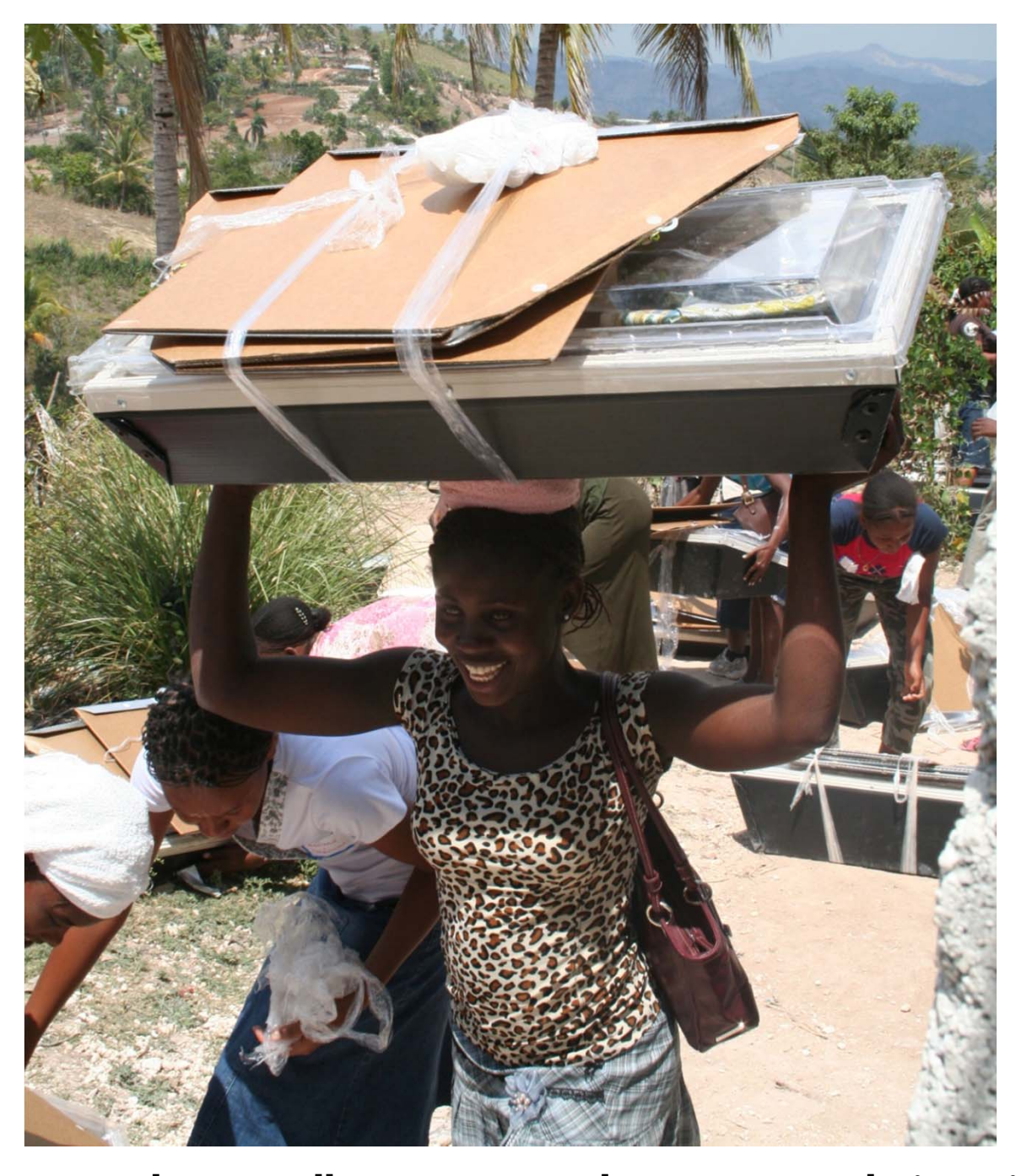
GRADUATION: there really are no words to express their satisfaction.
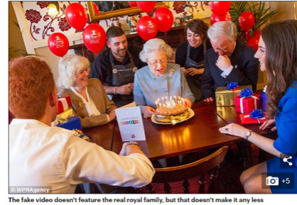
The fake video doesn't feature the real royal family, but that doesn't make it any less entertaining when they sing her happy birthday and watch the 'queen' blow out her candles

Shot from William's perspective, the candid clip shows the royal family start the nation's reigning monarch 90th birthday celebration a day early with help from a traditional British roast dinner at a Toby Carvery.
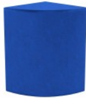
Snake 90 Degree Corner Section Backrest
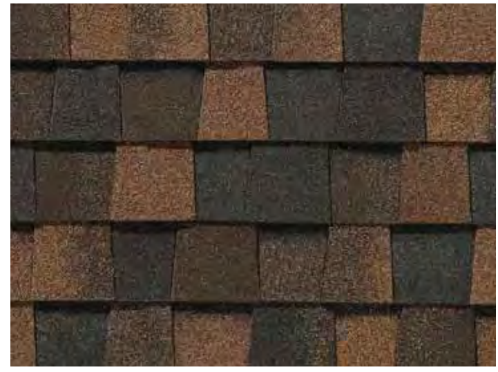
Max Def Burnt Sienna

··········

**Problem description**
Nothing but the exact text of the records should appear in your answer, with no pictures. Please write it out.

**The completed task**
GRADUATION: there really are no words to express their satisfaction.
The fake video doesn't feature the real royal family, but that doesn't make it any less entertaining when they sing her happy birthday and watch the 'queen' blow out her candles

Shot from William's perspective, the candid clip shows the royal family start the nation's reigning monarch 90th birthday celebration a day early with help from a traditional British roast dinner at a Toby Carvery.
Snake 90 Degree Corner Section Backrest
Max Def Burnt Sienna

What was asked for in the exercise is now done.